DOCUMENTS AND DIGITAL DEVICES

On the ancillary question of documents and digital equipment, the Court drew a distinction: production of documents is not protected by privilege under Section 132 (following Gangaram v. Habib-Ullah, 1935), and the IO may direct production under Section 94 of the BNSS, but only before a Court — not before the officer himself. Where a digital device is produced, the Court mandated that it be opened only in the presence of the advocate, the client, and a person with expertise in digital technology of their choice, and that examination be confined strictly to the material sought by the IO, safeguarding confidential data of other clients.

KEY DIRECTIONS ISSUED

  1. No direct summons: IOs cannot summon an advocate appearing in a case to elicit case details unless the summons specially falls under secion 132 exception.
  2. Prior superior approval: an such summons must bear the written satisfaction of an officr nor below the rank of superintendent of police recording the applicable exception.
  3. Judicial review available: A summons so issued is subject to challenge under section 528 BNSS before the High court.
  4. Privilege extends beyond litigation: The privilege covers advocates engaged in non-litigious. Pre-litigation; or advisory capacities including retainerships.
  5. Digital devices: Production directed to Court only; examination in presence of advocate, client, and a digital expert of their choice.
  6. In-house counsel: Not entitled to Section 132 privilege; limited protection under Section 134 only.

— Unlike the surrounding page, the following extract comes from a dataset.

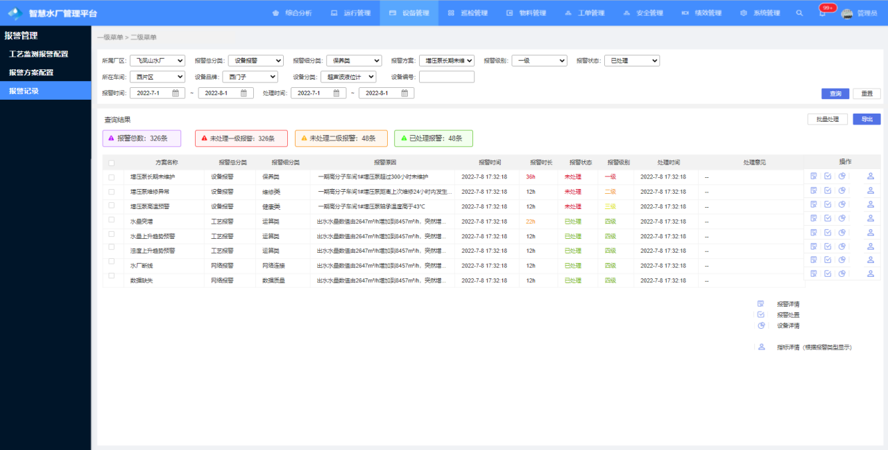 拉通水廠設備管理、藥劑管理、運行管理,提煉增加多種報警規則,對指標異常、設備巡檢質量、頻繁維修、設備健康度、泵組低效、藥劑余量、藥劑庫存、數據質量等進行告警,更有效的幫助與監督水廠運行調控。

CONCLUSION: PRIVILEGE AS A PILLAR OF THE RULE OF LAW

Borrowing from Chief Justice John Marshall’s maxim that “the power to tax is the power to destroy,” the Court drew a compelling corollary: the power to summon under Sections 175 and 179 of the BNSS is not the power to interfere with privileged attorney-client communications — at least “as long as the Constitutional Courts sit in this country.” The summons issued in the triggering case was quashed as illegal. The High Court’s refusal to interfere was expressly condemned as an “abdication of inherent powers.”

The ruling is significant for several reasons. It affirms that attorney-client privilege in India is not a mere evidentiary rule but a principle with constitutional moorings rooted in Articles 20(3), 21, and 22(1). It cautions that investigative overreach — whether born of “deliberate design or abject ignorance” — will not be excused. And it places the constitutional courts as the final bulwark against such encroachments, rendering any summons to an advocate judicially reviewable on its face for compliance with Section 132.

For the practising bar, this judgment offers substantial relief: the privilege is robust, the exceptions are narrow, and no disclosure compelled in violation of Section 132 can be used against the client. The independence of the legal profession — described by the Court as indispensable to the administration of justice and the preservation of liberty — has been reaffirmed with the full authority of the Supreme Court of India.